To the untrained eye this purchase order is extremely difficult to understand. The reason is that the fields have all been labeled with mnemonics that only partially represent the data. Yet EDI is ripe with metadata: it's trapped inside the implementations of EDI systems within companies. By translating this document with reference to existing repositories of meaning, we can re-create it in reusable form.
To illustrate, Listing 2 provides a portion of a transformed document in which the metadata has been reinstituted. This one segment of the original EDI document can now be read and processed more easily by humans and machines alike.
The Impact of XML
Like many new Internet technologies, XML has received generous media attention that's as likely to confuse as to excite.
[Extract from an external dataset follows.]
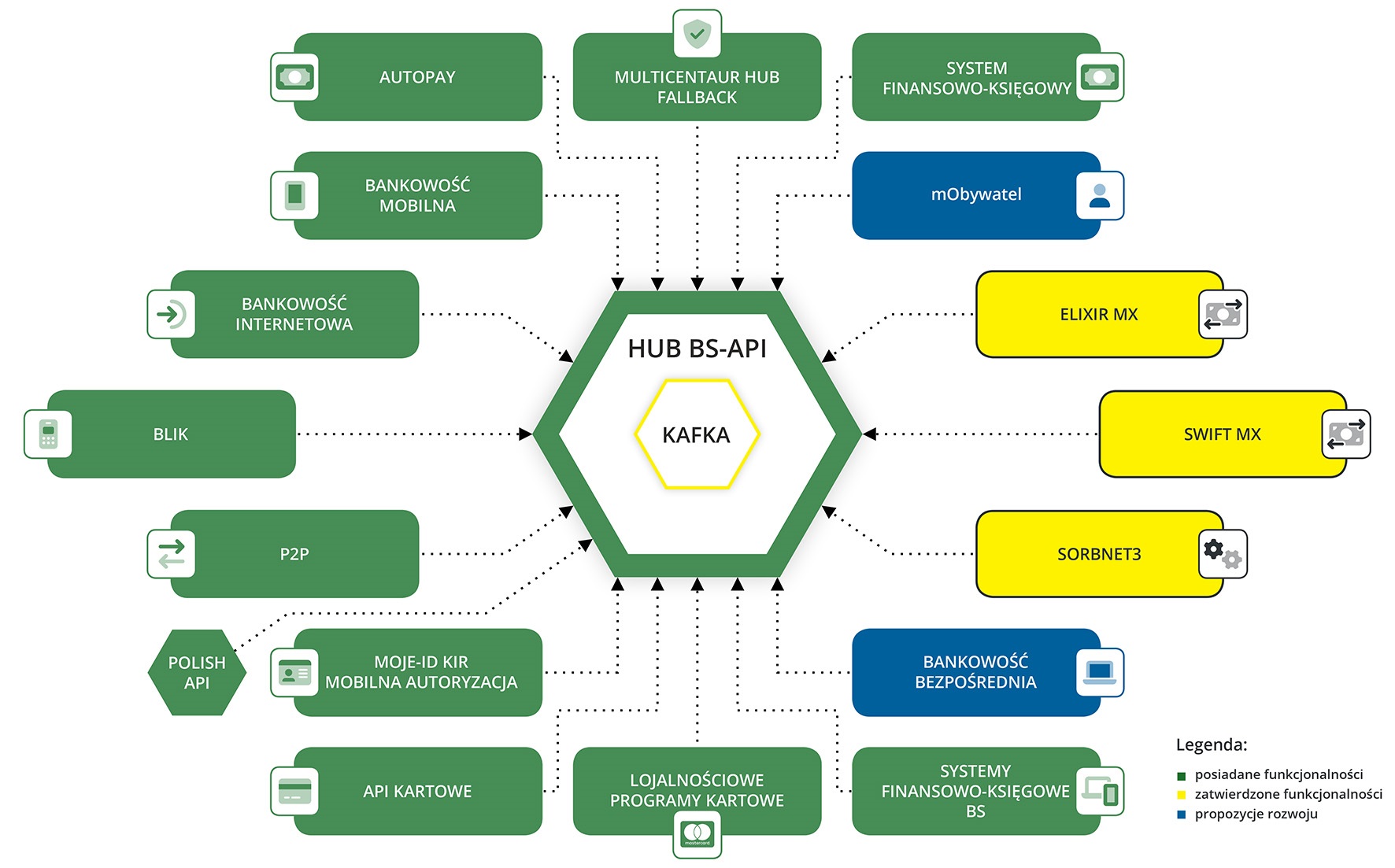MULTICENTAUR PAYMENT HUB (w SGB-Bank S. A. od 2006 roku, BPS S. A. od 2017 roku) - system zapewnia obsługę transakcji bankowych. Integruje systemy otoczenia bankowego i systemy wewnętrzne banku, tworząc dedykowane miejsce gromadzenia i przetwarzania transakcji bankowych. Wymienia informacje i pośredniczy w komunikacji z otoczeniem banku i jego klientami. System zapewnia obsługę mechanizmów wykorzystywanych w wysyłanych i otrzymywanych operacjach krajowych i zagranicznych SWIFT, ELIXIR, TARGET2, EURO ELIXIR - SEPA, STEP2, SORBNET2, EXPRESS ELIXIR, Western Union/Money Gram oraz BLIK. Obsługuje wymianę międzysystemową.
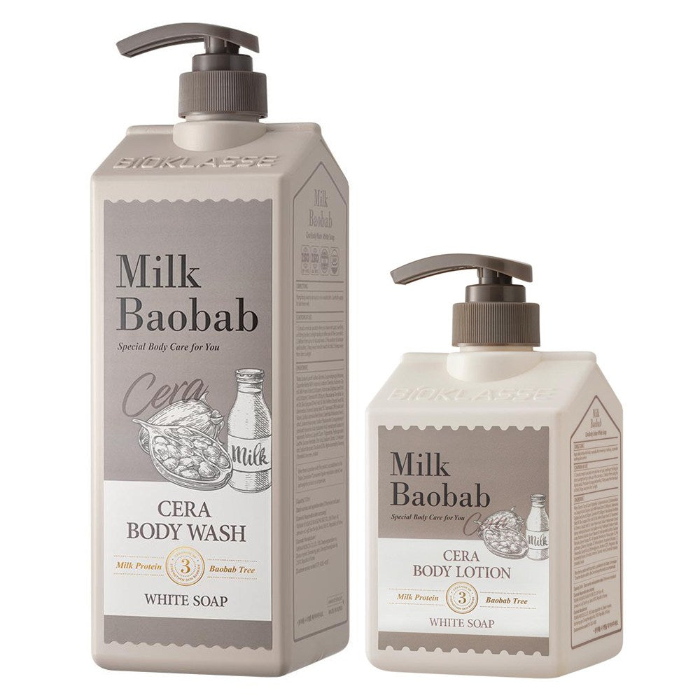 MILKBAOBAB Ceramide Body Wash White Soap 1200ml + Ceramide Body Lotion White Soap 600ml, 1 Set

However, many corporate managers aren't taking the wait-and-see attitude they've adopted in the past toward other evolving technologies: there's little hesitation over whether XML is just a fad or here to stay. The reason so many people are jumping into the XML pool with both feet is that there's clear recognition that XML provides a solution to some of the most pressing data processing problems of the twenty-first century.
As already discussed, there are two key factors for the robust exchange of information between businesses, factors that are especially critical given the general industry desire to move toward an anonymous exchange environment. The first is the need to capture and encapsulate data with its metadata so that both are readily available in the same location. The second is the need to provide a common syntax that can also express semantics - the meaning of the contained data elements. XML supplies a solution for both requirements.
The example of the transformed EDI document in Listing 2 uses XML to represent the combined set of data and metadata. Because XML is a widely accepted syntax for which many products are now starting to incorporate support, it becomes easier for people to make use of this data on a grand scale. And because XML is a hierarchical representation, it incorporates context and metadata simultaneously, which provides us with semantic value. Hence, XML offers three big wins for e-commerce:
1. XML enables companies to deliver a single package that contains data and the information necessary to process it.
2. Wide availability of XML tools, as well as XML's obvious simplicity, makes it possible for small- and mid-size businesses to participate in XML-based e-commerce.
3. The combination of the first two wins delivers a third win, which is increased competition among trading partners. This results in better customer service and pricing overall.
Throughout this article we've discussed technical matters, such as how metadata assists in data processing and why XML provides an excellent representation of data to exchange with our business partners. These technical issues, however, are simply a means to an end, which is a business-to-business e-commerce environment that features low barriers to entry as well as uniform standards for data exchange. Gathering and using existing legacy metadata with XML will increase competition and ultimately provide the opportunity to deliver goods and services at a lower cost with higher quality.
There's a commonly held belief that only large corporations benefit from the automation of the supply chain, and that small- to mid-size businesses won't reap the rewards of investing in e-commerce solutions to interact with these large corporations. Such opinions are usually based on observations of the existing large-scale EDI implementations that drive most of today's business-to-business e-commerce. With the advent of XML-based business-to-business e-commerce, however, these perceptions will change rapidly. Even small- to mid-size businesses will quickly realize that by joining the pool of trading partners that support XML-based e-commerce standards, they too can purchase lower-cost, higher-quality goods and services.
And the landscape of e-commerce will change forever.